That has nothing to do with C. It is just that the system you used (x86-64) passes the first few arguments in 64-bit registers, even for variadic arguments.

Essentially, on the architecture you used, the compiler produces code that uses a full 64-bit register for each argument, including variadic arguments. This is the ABI agreed upon the architecture, and has nothing to do with C per se; all programs, no matter how produced, are supposed to follow the ABI on the architecture it is supposed to run.

If you use Windows, x86-64 uses rcx, rdx, r8, and r9 for the four first (integer or pointer) arguments, in that order, and stack for the rest. In Linux, BSD's, Mac OS X, and Solaris, x86-64 uses rdi, rsi, rdx, rcx, r8, and r9 for the first six (integer or pointer) arguments, in that order, and stack for the rest.

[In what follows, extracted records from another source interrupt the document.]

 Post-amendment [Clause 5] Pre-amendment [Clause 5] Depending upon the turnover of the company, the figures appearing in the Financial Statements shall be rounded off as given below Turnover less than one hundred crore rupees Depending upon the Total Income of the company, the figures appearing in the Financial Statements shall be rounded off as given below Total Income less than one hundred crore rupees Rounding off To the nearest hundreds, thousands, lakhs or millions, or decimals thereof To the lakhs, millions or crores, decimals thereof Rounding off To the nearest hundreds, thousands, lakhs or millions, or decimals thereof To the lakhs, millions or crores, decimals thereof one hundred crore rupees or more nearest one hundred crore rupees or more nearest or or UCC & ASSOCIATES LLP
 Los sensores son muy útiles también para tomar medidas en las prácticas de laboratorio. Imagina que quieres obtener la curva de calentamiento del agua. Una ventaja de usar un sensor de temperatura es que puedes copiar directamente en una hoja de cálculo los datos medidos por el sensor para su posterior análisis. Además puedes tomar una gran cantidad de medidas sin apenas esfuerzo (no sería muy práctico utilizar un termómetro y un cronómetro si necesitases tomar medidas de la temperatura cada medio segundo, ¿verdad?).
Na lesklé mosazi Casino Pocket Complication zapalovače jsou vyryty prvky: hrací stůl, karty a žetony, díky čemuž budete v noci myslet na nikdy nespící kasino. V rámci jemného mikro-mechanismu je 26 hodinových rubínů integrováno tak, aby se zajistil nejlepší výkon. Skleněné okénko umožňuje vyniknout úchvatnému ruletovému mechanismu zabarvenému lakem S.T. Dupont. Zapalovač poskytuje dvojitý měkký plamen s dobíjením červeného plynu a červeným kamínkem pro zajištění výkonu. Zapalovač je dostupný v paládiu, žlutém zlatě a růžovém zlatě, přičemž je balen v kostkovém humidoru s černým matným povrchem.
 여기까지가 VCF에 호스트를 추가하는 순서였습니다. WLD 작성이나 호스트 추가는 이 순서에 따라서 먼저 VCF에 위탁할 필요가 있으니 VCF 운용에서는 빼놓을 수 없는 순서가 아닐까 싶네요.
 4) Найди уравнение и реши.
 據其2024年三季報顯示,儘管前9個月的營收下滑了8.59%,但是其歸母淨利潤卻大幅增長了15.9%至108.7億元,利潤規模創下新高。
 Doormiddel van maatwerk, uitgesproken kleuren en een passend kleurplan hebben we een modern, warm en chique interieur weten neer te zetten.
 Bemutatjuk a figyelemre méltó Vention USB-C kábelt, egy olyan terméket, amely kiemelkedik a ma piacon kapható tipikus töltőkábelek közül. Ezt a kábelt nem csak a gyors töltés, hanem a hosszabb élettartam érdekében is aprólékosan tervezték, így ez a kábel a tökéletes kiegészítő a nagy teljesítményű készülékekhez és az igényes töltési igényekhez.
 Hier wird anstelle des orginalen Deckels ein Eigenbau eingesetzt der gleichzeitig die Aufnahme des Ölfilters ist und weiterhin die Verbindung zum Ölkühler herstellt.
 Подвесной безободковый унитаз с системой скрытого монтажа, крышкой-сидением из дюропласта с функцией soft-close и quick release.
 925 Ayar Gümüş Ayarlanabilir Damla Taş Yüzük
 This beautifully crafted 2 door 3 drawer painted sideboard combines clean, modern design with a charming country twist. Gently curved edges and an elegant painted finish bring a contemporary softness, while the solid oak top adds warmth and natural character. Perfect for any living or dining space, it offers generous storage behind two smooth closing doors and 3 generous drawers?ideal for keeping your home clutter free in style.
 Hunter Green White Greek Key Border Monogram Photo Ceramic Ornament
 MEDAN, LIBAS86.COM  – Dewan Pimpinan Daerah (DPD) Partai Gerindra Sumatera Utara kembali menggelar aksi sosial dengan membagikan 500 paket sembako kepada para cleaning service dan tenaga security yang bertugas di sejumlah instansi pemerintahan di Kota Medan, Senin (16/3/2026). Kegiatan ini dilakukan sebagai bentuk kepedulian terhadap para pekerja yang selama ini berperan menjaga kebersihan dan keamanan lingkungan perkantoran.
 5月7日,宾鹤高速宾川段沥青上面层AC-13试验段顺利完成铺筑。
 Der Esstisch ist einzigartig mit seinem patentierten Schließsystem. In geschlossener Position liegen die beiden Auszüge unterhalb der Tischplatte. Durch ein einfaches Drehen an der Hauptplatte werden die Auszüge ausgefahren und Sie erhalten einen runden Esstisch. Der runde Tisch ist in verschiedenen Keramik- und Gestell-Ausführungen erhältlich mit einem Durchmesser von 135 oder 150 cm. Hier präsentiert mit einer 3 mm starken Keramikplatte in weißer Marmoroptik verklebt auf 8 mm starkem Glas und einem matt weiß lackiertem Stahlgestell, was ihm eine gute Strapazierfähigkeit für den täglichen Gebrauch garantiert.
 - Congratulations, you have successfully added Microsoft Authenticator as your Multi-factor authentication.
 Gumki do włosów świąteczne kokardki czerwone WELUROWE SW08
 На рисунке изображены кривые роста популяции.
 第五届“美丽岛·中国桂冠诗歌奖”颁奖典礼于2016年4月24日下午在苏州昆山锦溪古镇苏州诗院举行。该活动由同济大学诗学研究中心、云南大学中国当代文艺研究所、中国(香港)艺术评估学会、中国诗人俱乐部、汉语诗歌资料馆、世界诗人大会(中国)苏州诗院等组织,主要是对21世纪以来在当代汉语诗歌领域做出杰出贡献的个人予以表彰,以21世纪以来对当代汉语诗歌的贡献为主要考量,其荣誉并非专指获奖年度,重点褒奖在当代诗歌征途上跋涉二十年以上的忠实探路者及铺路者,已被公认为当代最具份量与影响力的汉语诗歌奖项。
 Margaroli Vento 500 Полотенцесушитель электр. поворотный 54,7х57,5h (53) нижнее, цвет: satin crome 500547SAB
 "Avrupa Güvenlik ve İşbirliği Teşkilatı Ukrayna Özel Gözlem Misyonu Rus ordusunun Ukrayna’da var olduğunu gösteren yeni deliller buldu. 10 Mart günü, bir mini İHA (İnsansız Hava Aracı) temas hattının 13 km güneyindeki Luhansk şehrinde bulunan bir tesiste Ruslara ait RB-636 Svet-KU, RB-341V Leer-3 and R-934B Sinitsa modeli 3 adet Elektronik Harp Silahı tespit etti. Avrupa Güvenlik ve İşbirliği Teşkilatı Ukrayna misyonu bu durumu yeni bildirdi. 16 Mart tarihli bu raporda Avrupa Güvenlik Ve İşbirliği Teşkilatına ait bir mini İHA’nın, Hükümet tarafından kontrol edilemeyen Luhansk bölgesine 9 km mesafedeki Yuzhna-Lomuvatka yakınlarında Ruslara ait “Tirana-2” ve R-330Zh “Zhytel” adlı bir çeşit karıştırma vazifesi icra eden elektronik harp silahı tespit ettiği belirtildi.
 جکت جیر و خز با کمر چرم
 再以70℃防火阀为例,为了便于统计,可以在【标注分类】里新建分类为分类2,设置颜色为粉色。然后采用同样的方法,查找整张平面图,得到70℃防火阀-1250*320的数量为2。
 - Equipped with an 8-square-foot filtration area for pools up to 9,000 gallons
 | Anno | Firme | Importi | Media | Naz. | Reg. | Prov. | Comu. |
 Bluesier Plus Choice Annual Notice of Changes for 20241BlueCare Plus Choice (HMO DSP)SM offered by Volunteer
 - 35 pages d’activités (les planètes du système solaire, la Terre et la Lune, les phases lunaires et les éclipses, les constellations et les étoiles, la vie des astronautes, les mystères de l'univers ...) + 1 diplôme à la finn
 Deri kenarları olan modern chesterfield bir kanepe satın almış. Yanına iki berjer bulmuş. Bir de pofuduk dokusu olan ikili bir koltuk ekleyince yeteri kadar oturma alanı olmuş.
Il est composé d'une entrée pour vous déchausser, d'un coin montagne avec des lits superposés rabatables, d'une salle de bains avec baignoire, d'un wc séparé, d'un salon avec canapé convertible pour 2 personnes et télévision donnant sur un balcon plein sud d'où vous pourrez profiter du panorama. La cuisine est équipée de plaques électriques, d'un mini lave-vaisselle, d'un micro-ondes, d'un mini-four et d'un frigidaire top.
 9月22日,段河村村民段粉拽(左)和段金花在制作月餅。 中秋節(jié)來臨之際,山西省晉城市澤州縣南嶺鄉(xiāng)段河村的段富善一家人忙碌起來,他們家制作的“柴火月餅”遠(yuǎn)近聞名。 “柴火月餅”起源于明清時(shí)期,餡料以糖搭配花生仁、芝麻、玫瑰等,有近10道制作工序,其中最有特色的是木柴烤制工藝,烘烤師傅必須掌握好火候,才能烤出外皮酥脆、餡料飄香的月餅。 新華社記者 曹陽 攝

You can verify this with a trivial example program:

extern void func(int n, ...);

void test_int(void)
{
    func(0, 1, 2);
}

void test_long_long(void)
{
    func(0, 1LL, 2LL);
}

If you compile the above to x86-64 assembly (e.g. gcc -Wall -O2 -march=x86-64 -mtune=generic -S) in Linux, BSDs, Solaris, or Mac OS (X or later), you get approximately (AT&T syntax, source,target operand order)

test_int:
        movl    $2, %edx
        movl    $1, %esi
        xorl    %edi, %edi
        xorl    %eax, %eax
        jmp     func

test_long_long:
        movl    $2, %edx
        movl    $1, %esi
        xorl    %edi, %edi
        xorl    %eax, %eax
        jmp     func

i.e. the functions are identical, and do not push the arguments to the stack. Note that jmp func is equivalent to call func; ret, just simpler.

However, if you compile for x86 (-m32 -march=i686 -mtune=generic), you get approximately

test_int:
        subl    $16, %esp
        pushl   $2
        pushl   $1
        pushl   $0
        call    func
        addl    $28, %esp
        ret

test_long_long:
        subl    $24, %esp
        pushl   $0
        pushl   $2
        pushl   $0
        pushl   $1
        pushl   $0
        call    func
        addl    $44, %esp
        ret

which shows that the x86 calling conventions in Linux/BSDs/etc. involve passing the variadic arguments on stack, and that the int variant pushes 32-bit constants to the stack (pushl $x pushes a 32-bit constant x to the stack), and the long long variant pushes 64-bit constants to the stack.

Therefore, because of the underlying ABI of the operating system and architecture you use, your variadic function shows the "anomaly" you observed. To see the behaviour you expect from the C standard alone, you need to work around the underlying ABI quirk -- for example, by starting your variadic functions with at least six arguments, to occupy the registers on x86-64 architectures, so that the rest, your truly variadic arguments, are passed on the stack.